» Entries provided:
::::::::::
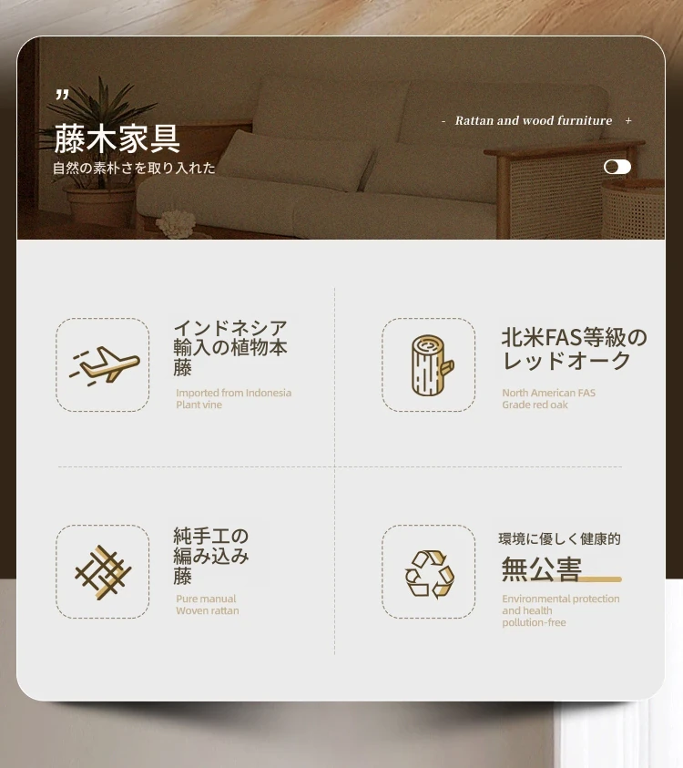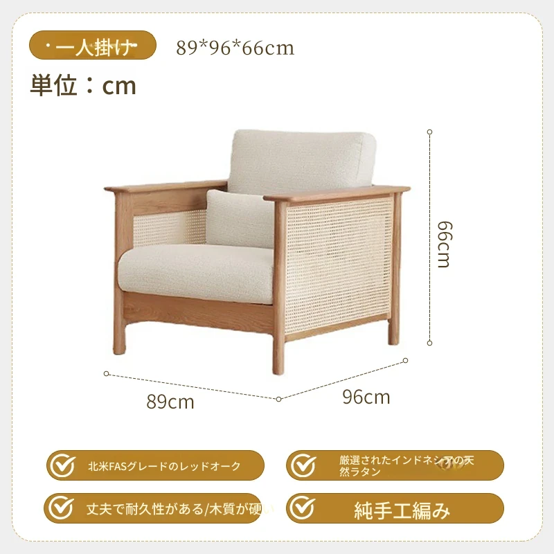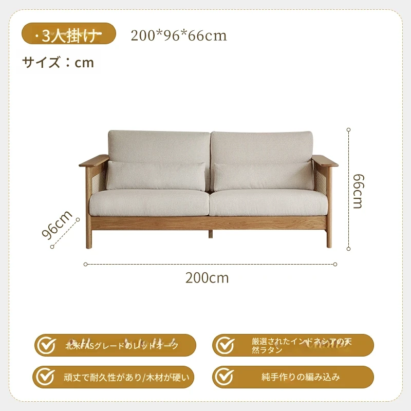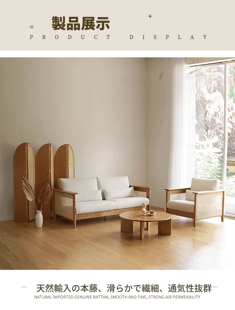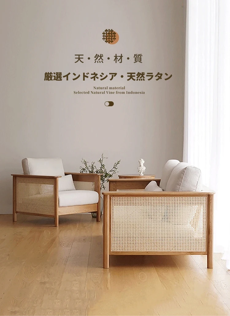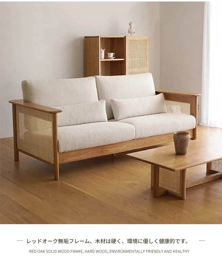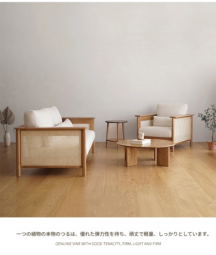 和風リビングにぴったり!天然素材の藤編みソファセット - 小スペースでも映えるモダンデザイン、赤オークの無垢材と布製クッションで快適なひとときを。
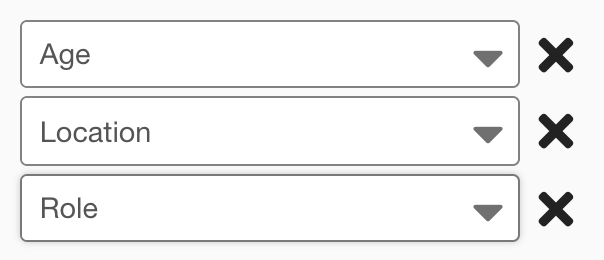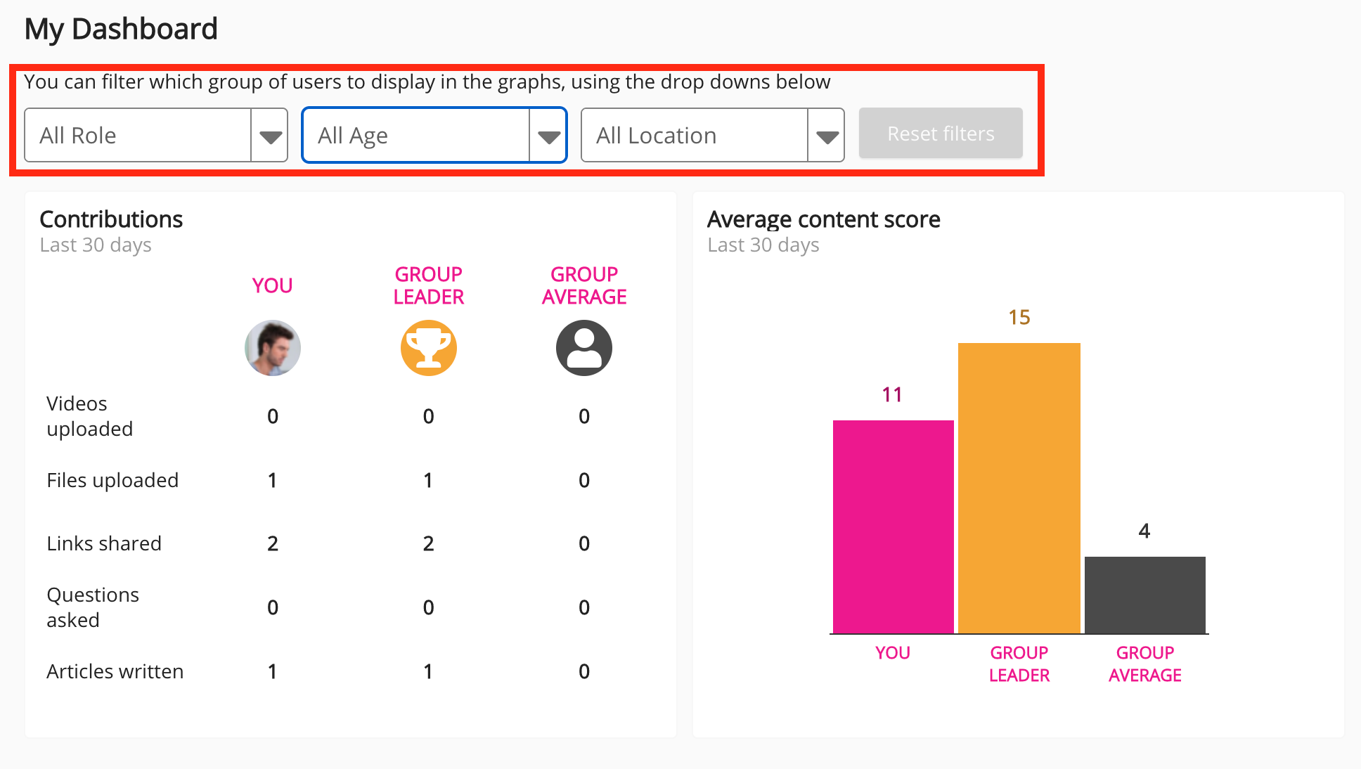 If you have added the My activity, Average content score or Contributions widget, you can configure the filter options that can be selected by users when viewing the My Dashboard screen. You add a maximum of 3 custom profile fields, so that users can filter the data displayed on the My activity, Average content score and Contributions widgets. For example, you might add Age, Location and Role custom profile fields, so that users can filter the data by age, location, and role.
::::::::::
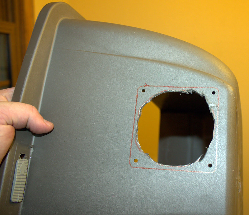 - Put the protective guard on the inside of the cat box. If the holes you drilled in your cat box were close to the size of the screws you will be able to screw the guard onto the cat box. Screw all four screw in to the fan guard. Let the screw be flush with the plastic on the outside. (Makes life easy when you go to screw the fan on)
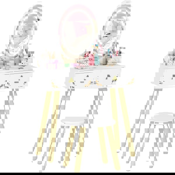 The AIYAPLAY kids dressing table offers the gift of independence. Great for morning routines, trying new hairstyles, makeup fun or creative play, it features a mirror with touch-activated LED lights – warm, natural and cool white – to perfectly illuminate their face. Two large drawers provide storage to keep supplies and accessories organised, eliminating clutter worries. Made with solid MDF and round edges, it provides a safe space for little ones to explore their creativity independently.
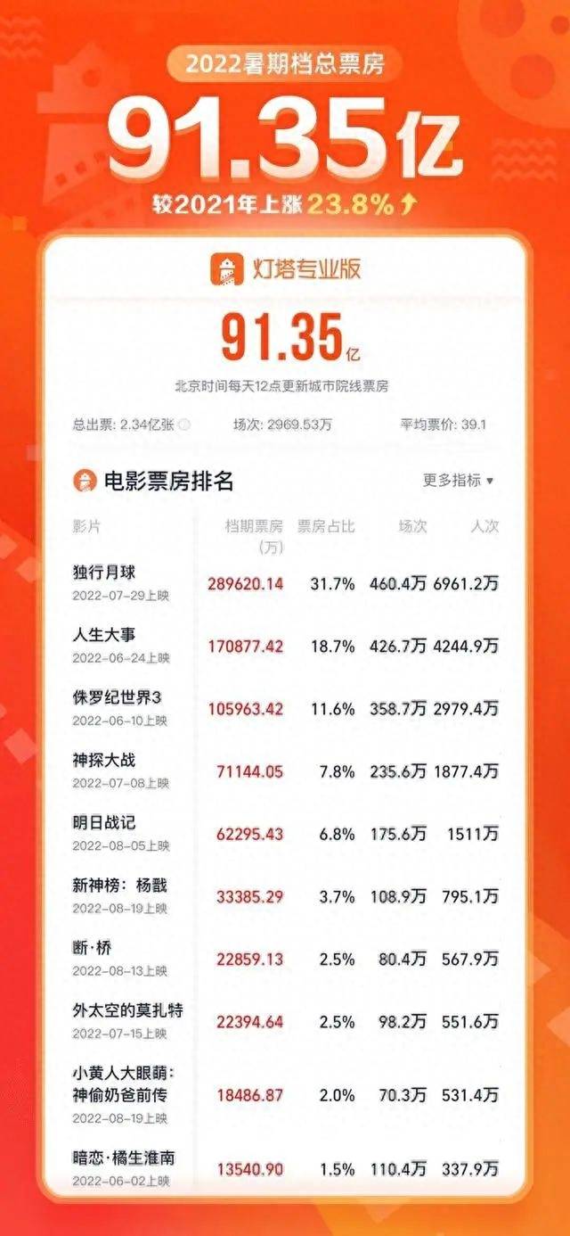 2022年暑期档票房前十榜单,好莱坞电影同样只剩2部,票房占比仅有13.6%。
::::::::::
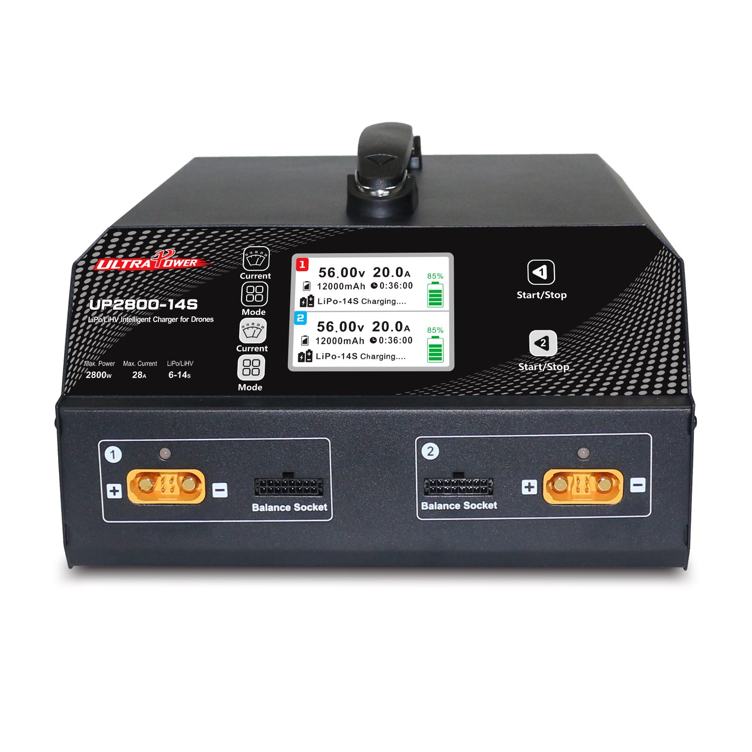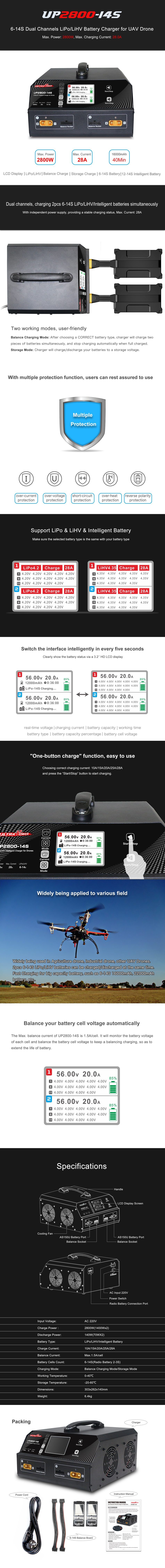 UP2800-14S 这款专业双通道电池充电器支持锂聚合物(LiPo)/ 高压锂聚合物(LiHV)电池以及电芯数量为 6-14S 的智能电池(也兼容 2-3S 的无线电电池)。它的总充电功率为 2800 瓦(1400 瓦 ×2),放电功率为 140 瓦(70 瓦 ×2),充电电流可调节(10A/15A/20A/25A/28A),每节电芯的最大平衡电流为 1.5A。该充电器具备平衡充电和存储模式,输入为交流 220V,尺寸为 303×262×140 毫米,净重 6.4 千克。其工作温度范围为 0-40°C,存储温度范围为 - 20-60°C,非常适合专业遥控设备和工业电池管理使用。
::::::::::
» Task goal: Within the listing above, find the line containing "- Put the protective" and the line containing "2022年暑期档票房前十榜单,好莱坞电影同样只剩2部,票房占比仅有13.6%。". Transcribe them and everything between them exactly, leaving out the pictures.

» Answer to this exercise:
 - Put the protective guard on the inside of the cat box. If the holes you drilled in your cat box were close to the size of the screws you will be able to screw the guard onto the cat box. Screw all four screw in to the fan guard. Let the screw be flush with the plastic on the outside. (Makes life easy when you go to screw the fan on)
 The AIYAPLAY kids dressing table offers the gift of independence. Great for morning routines, trying new hairstyles, makeup fun or creative play, it features a mirror with touch-activated LED lights – warm, natural and cool white – to perfectly illuminate their face. Two large drawers provide storage to keep supplies and accessories organised, eliminating clutter worries. Made with solid MDF and round edges, it provides a safe space for little ones to explore their creativity independently.
 2022年暑期档票房前十榜单,好莱坞电影同样只剩2部,票房占比仅有13.6%。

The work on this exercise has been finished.